The problem: Only one span is wanted from the lines below: from the one with "Custom Engraved Bracelet" up to and including the one with "La seconda proposta". Copy it exactly, without images.

Records for this task:

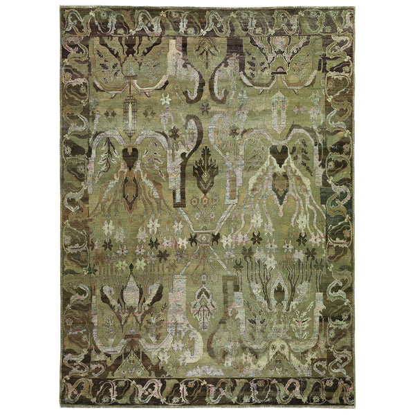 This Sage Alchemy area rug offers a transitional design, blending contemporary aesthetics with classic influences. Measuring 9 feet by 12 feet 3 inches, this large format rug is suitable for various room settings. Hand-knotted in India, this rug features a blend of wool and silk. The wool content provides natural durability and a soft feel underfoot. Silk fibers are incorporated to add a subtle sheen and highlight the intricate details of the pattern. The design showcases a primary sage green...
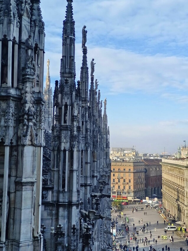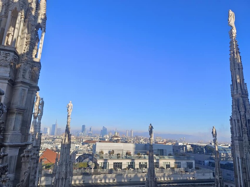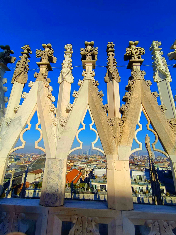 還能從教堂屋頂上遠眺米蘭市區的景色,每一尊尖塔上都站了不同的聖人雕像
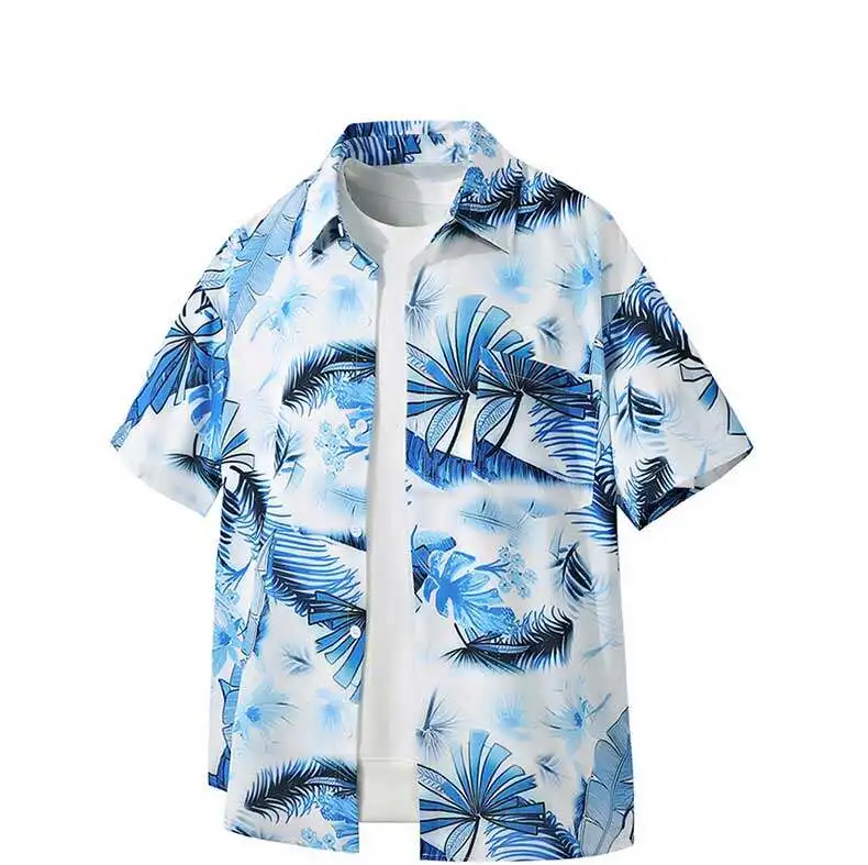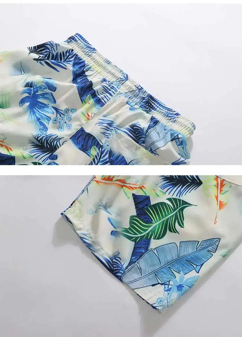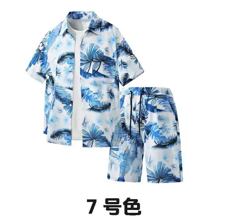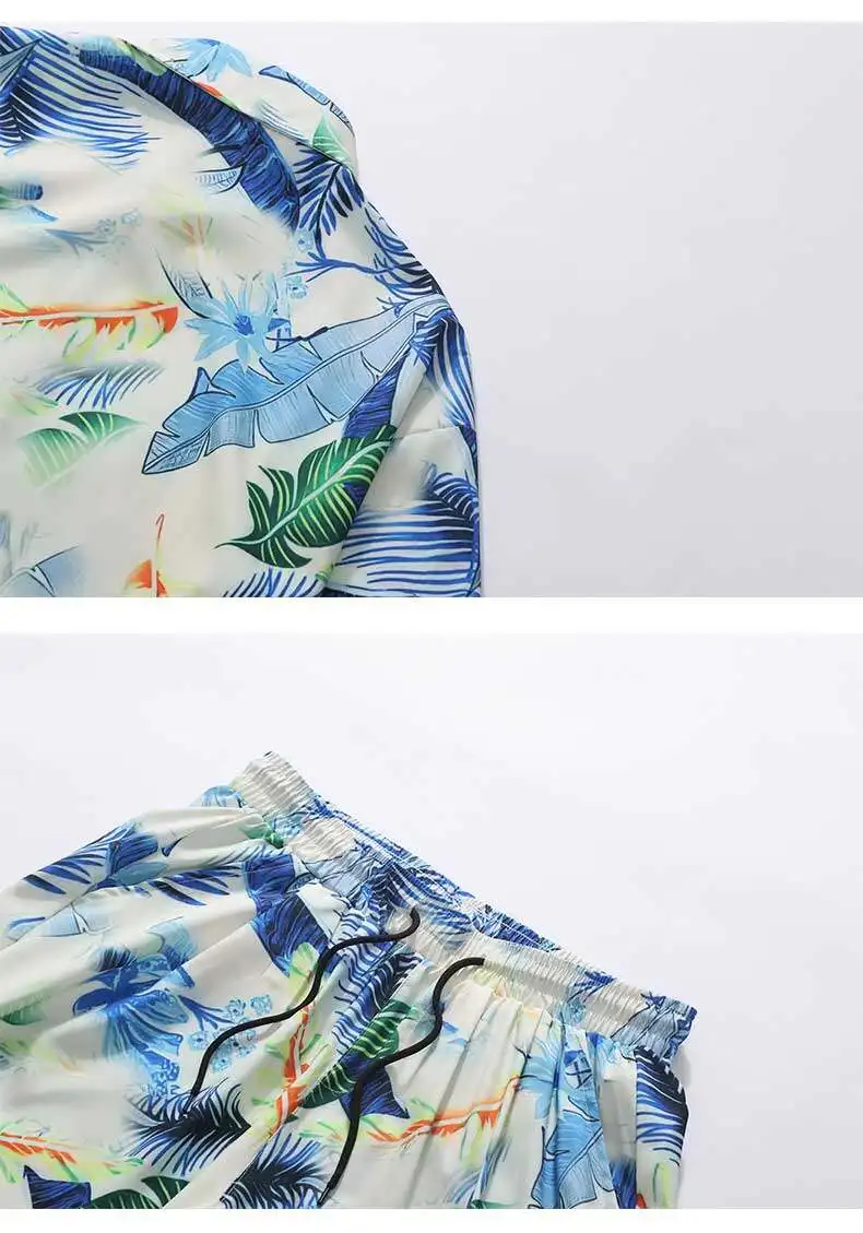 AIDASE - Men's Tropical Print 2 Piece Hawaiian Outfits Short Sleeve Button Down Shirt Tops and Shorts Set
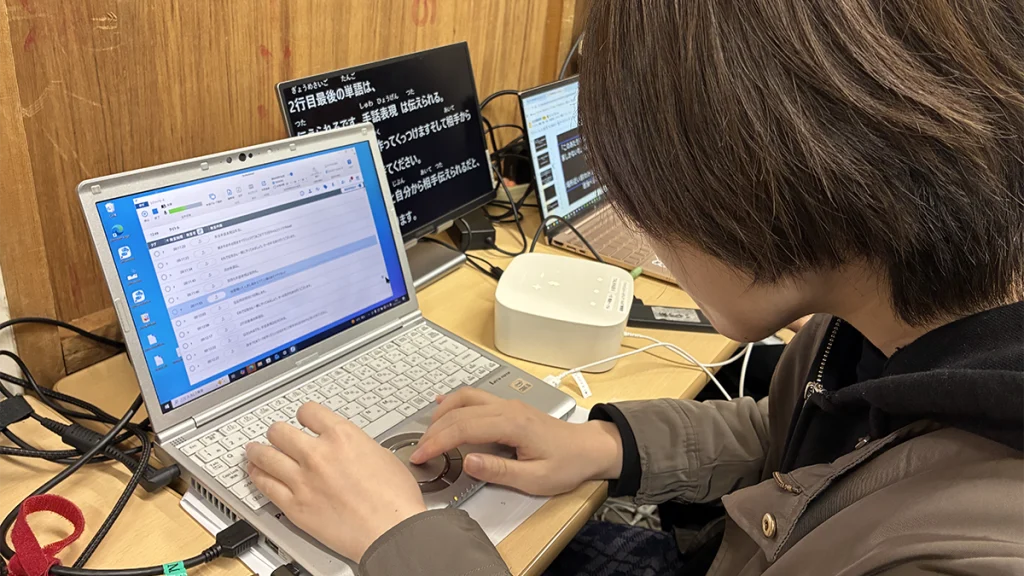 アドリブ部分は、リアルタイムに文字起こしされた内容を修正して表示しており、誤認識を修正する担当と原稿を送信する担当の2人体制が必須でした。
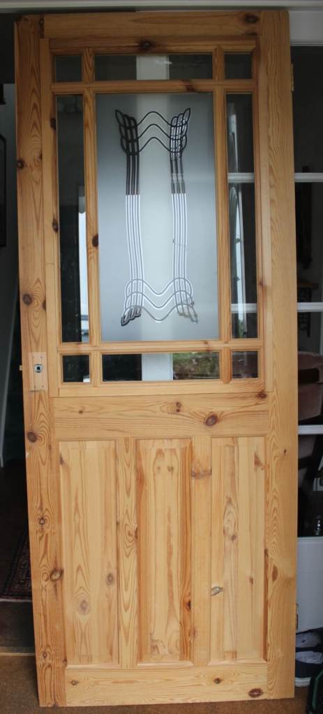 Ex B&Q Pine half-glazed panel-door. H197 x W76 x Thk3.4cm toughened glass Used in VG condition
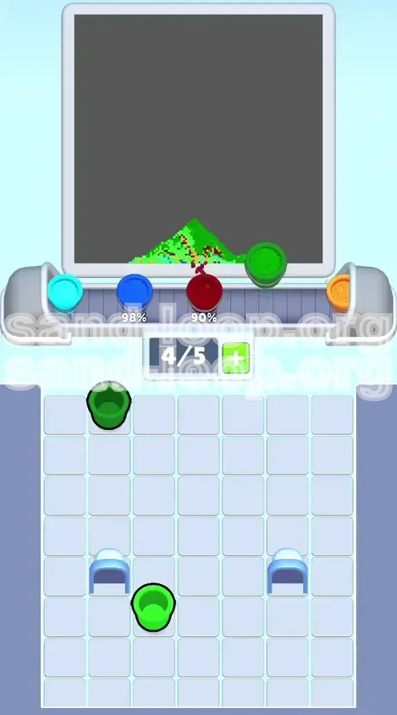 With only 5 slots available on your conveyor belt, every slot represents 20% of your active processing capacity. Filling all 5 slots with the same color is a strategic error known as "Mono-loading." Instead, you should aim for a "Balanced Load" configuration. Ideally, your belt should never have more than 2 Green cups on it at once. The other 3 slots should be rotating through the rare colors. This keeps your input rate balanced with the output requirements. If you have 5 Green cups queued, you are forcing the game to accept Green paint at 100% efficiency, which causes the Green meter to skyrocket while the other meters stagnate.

--

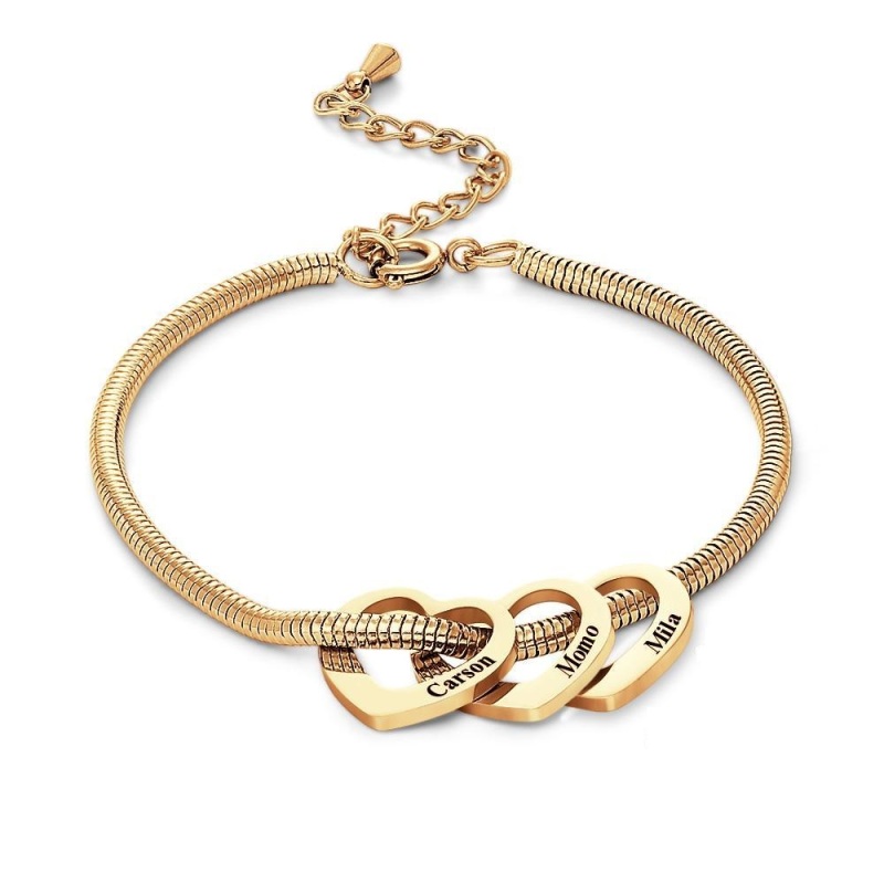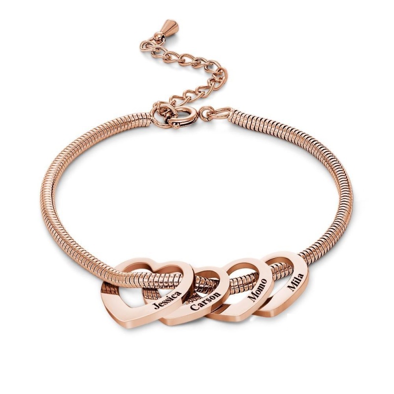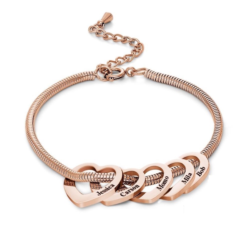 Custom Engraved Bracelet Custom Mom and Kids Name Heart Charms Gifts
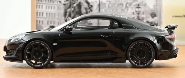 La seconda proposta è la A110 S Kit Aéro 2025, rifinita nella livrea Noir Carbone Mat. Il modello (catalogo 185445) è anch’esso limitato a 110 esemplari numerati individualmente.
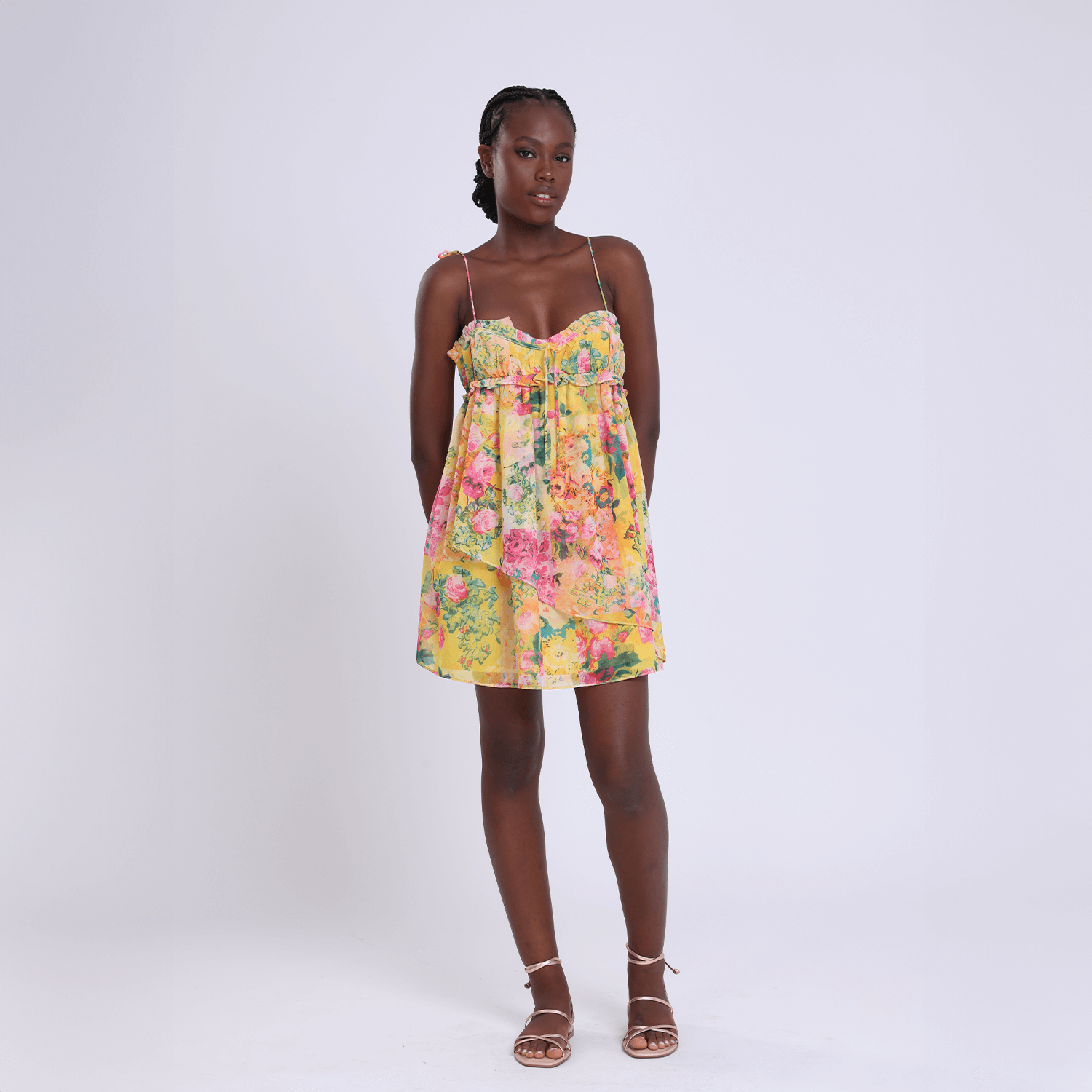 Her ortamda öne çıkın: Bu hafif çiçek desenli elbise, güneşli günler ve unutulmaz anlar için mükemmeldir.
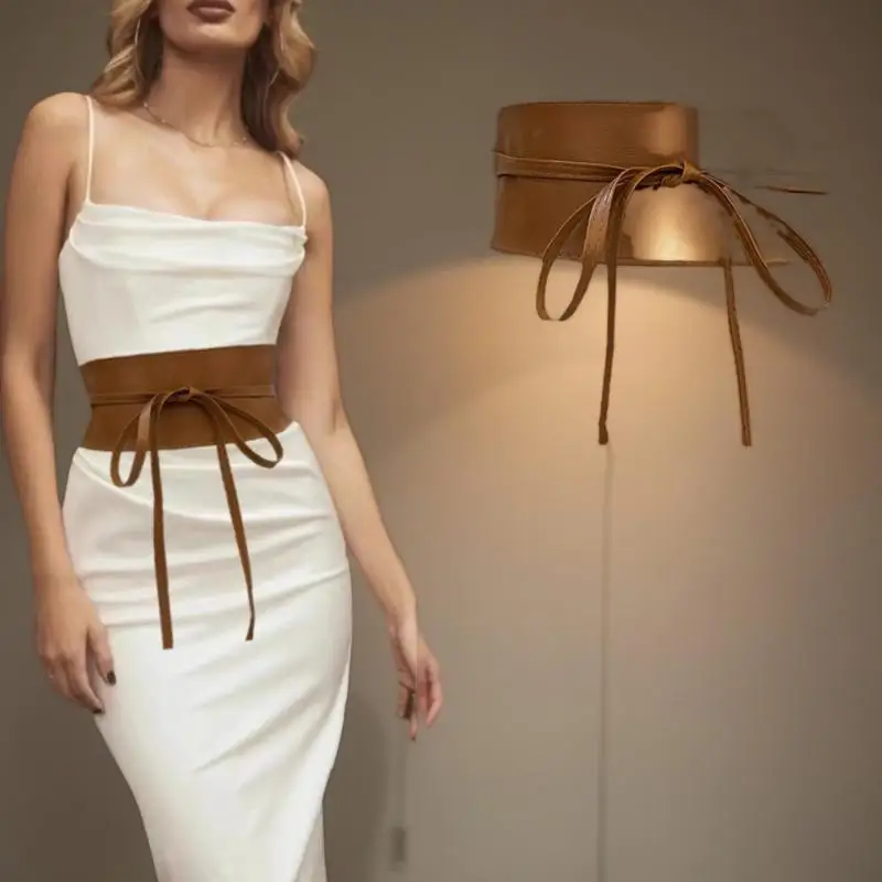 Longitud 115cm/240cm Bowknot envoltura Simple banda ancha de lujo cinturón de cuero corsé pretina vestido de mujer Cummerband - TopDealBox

Response:
 Custom Engraved Bracelet Custom Mom and Kids Name Heart Charms Gifts
 La seconda proposta è la A110 S Kit Aéro 2025, rifinita nella livrea Noir Carbone Mat. Il modello (catalogo 185445) è anch’esso limitato a 110 esemplari numerati individualmente.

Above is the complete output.